- [WHAT THE TASK REQUIRES]:
Output the full listing exactly as written, with no pictures in it.
>>>>
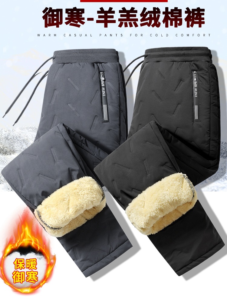 Брюки на пуху ягненка, Мужская зимняя верхняя одежда, утепленные повседневные брюки на флисовой подкладке, мужские зимние ветрозащитные теплые брюки для снега
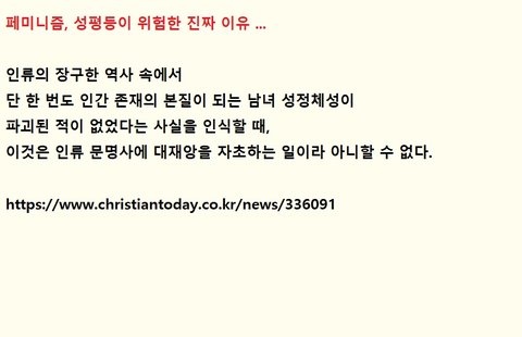 인류의 장구한 역사 속에서 단 한 번도 인간 존재의 본질이 되는 남녀 성정체성이 파괴된 적이 없었다는 사실을 인식할 때, 이것은 인류 문명사에 대재앙을 자초하는 일이라 아니할 수 없다.
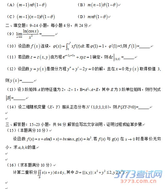 3773考试网2017考研考研数学正文
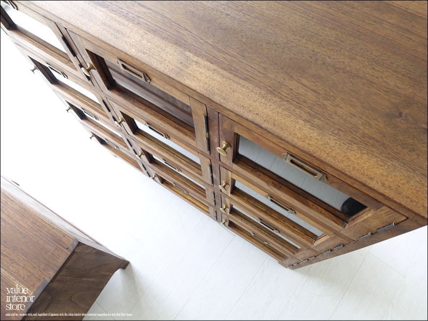 また、木目の際立つミディアムブラウン塗装で、油分を多く含むチーク材の色味に一層深みが増していくところも楽しみの一つです。ハンドルにはネームホルダー付きの真鍮金具を使用しましたので、中身が表示できて収納にとても便利です。お気に入りスペースにぜひお使い下さい。
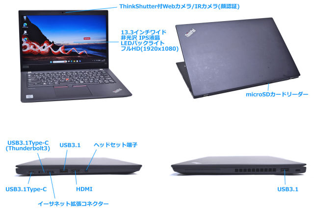 | 内蔵カメラ | HD 720p (ThinkShutter付)、IRカメラ (顔認証) | |
<<<<
- [FINISHED TASK]:
 Брюки на пуху ягненка, Мужская зимняя верхняя одежда, утепленные повседневные брюки на флисовой подкладке, мужские зимние ветрозащитные теплые брюки для снега
 인류의 장구한 역사 속에서 단 한 번도 인간 존재의 본질이 되는 남녀 성정체성이 파괴된 적이 없었다는 사실을 인식할 때, 이것은 인류 문명사에 대재앙을 자초하는 일이라 아니할 수 없다.
 3773考试网2017考研考研数学正文
 また、木目の際立つミディアムブラウン塗装で、油分を多く含むチーク材の色味に一層深みが増していくところも楽しみの一つです。ハンドルにはネームホルダー付きの真鍮金具を使用しましたので、中身が表示できて収納にとても便利です。お気に入りスペースにぜひお使い下さい。
 | 内蔵カメラ | HD 720p (ThinkShutter付)、IRカメラ (顔認証) | |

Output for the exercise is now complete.